# Refinishing Basement Shop Floor...



## kinghong1970 (Jul 28, 2011)

It always starts off with what seems like a minor job... 
I noticed paints were flaking off my cinderblock walls and just a few scrapes and tugs... large sections were just peeling off the wall...










so after an hour of scraping... turns out, most of my wall was flaking... layers of latex paint over cinderblock just did not hold up too well.
anyways, finally got most of my walls peeled... tried smartpeel but turns out that old fashioned heat gun was best and cleanest...
followed by 2 coats of Drylok









now, the floor...
again, just latex over concrete... going to rent a concrete floor grinder to resurface the floor...










and thinking of applying clear epoxy on the floor.
i have french drain system around the perimeter of the house and aside from a once in a blue moon pool plumbing issue, moisture in the basement is not a problem... 

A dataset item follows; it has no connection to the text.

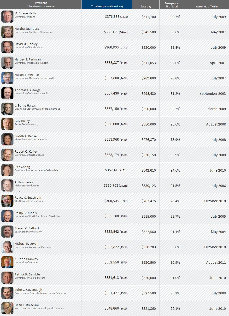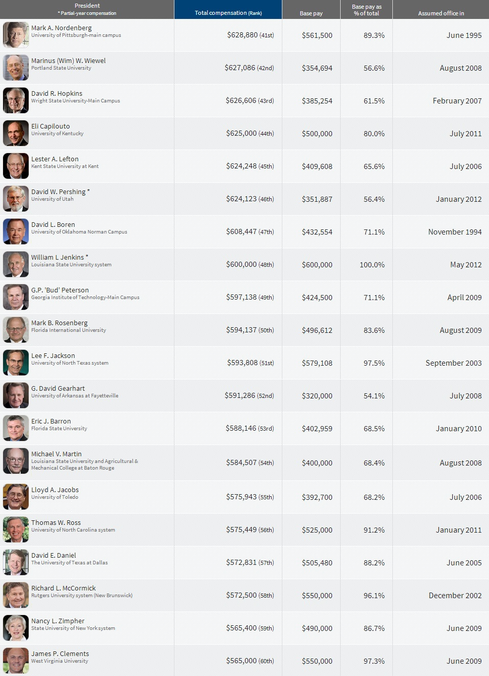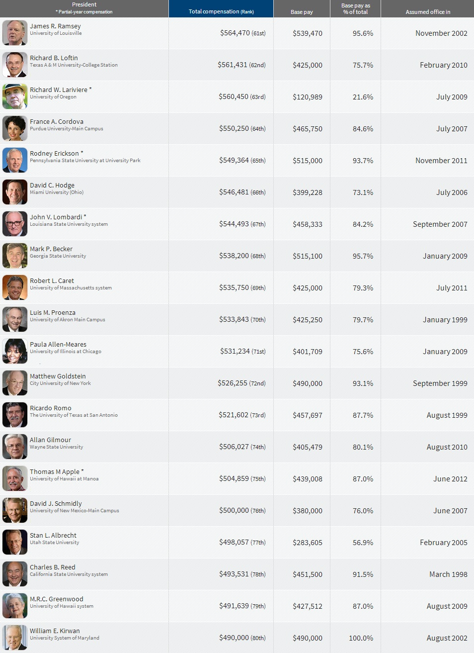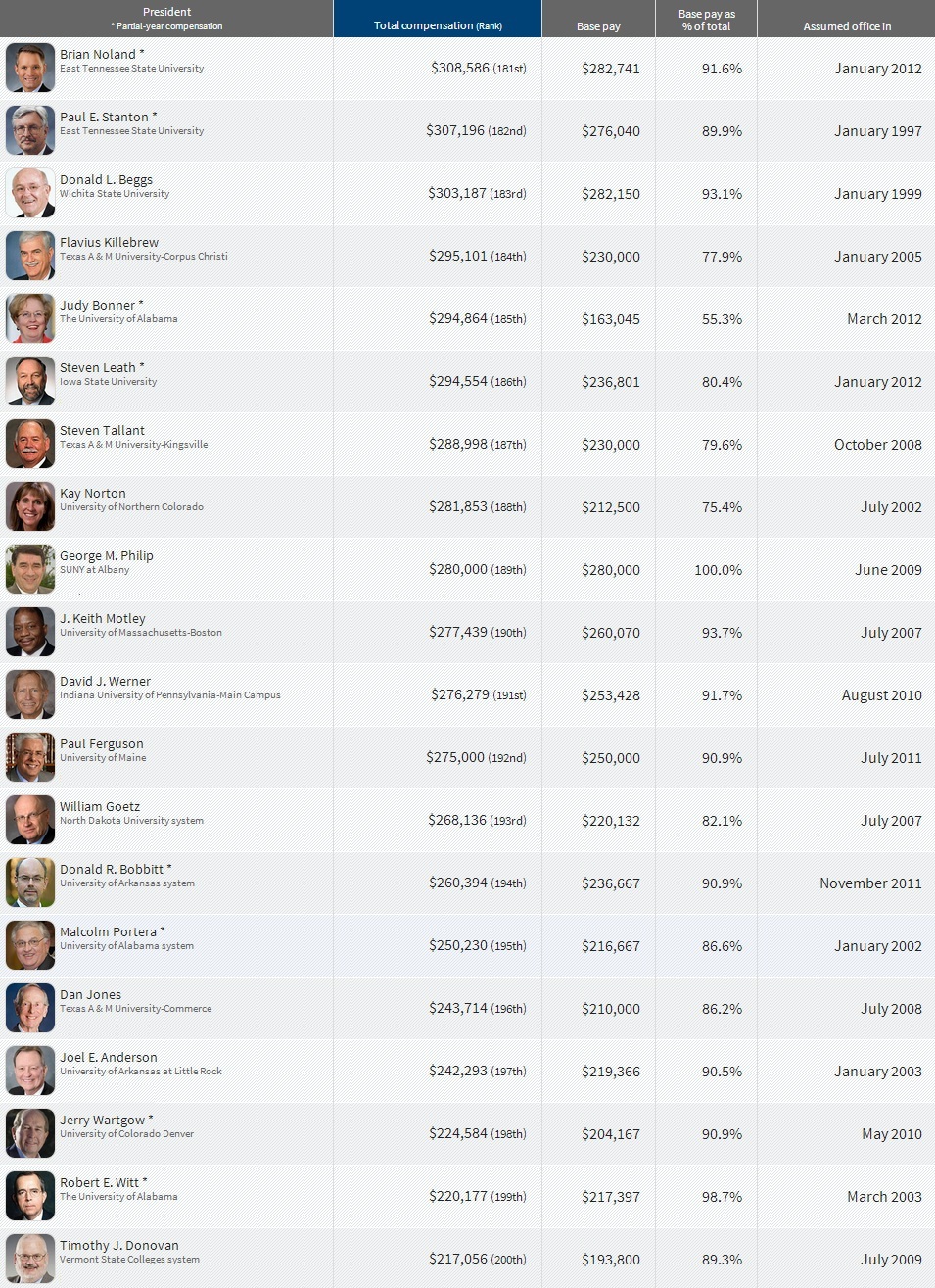 Compensation received in the 2012 fiscal year by 200 chief executives at public universities and systems in the United States. Fiscal years typically run from July 1 to June 30 but can vary by institution.

now i saw epoxy with silica sand and while the grip is nice, i don't like how the epoxy peels off the grains and maybe a bit too much for a basement shop.

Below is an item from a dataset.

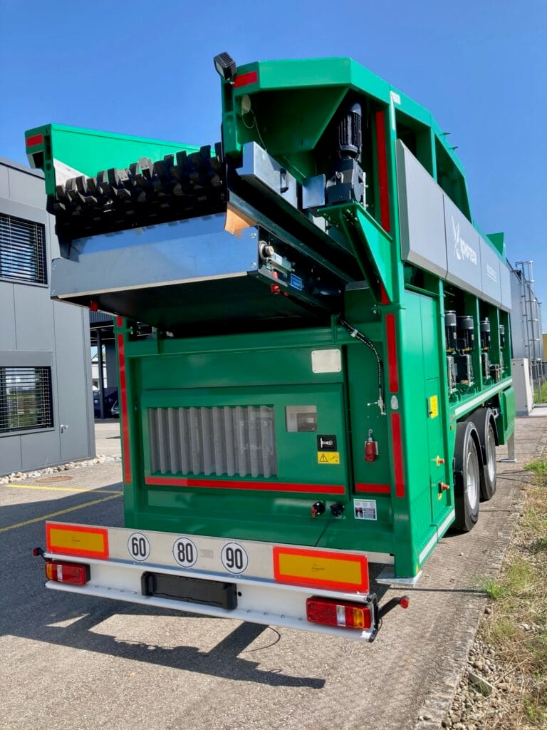 Der Materialaufgabebunker ist so konzipiert, dass dieser von beiden Seiten beladen werden kann. Somit ist die Maschine flexibel auf jedem Platz einsetzbar. Die Materialien wie Kompost, Gärgut und Humus können mit dem 3-Fraktionen Sieb in die gewünschte Korngrösse (Grobfraktion: >60…90 mm, Mittelfraktion: 10…25-60…90 mm, Feinfraktion: >0/10…25 mm) gesiebt werden.

plain epoxy will not do... way too slippery... and add some sawdust and whatever dust... i don't want to be a frequent visitor to the "lets see some damage" thread...

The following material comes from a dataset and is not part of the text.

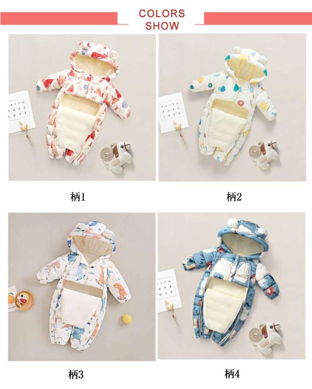 お出かけ 子供 防寒着 ベビー フード付き ファスナー 秋冬 ベビー服 キッズ ロンパース スノーウェア 前開き 軽い スノーウェア 雪遊び 防風 ジャンパー 冬服 無地 新生児 赤ちゃん 防寒きぐるみ つなぎ カバオール 66 73 80 90 100

so after doing some research... i'm considering the following finishes for the floor:

Armorseal 1K
single component, no mixing required...

Armoseal 1000HS 2 Part Epoxy
2 part mix, supposedly their "strongest" coating(?)

Rexthane 1
aliphatic, moisture-cure urethane, VOC-complying, moisture resistant industrial floor coating but never worked with a moisture cure urethane...

for non-slip, they recommend Sharkgrip
so question time...

*anyone have any experience with any of the products linked above?
anyone have any better recommendations on a non-slip surface for bare concrete floor?*

love to hear your suggestions and experiences.

Thank you in advance,

Al


----------



## 4thStreet (Mar 2, 2013)

....


----------



## kinghong1970 (Jul 28, 2011)

thanks for the suggestion... 
i've been considering DriCore for the other half of the basement that is my soon to be den/man-cave... and finish it with wood flooring later on.
the shop floor, i want the option of being able to rinse out the floor with water when need to.
hence i'm trying to stay with epoxy on bare concrete option.


----------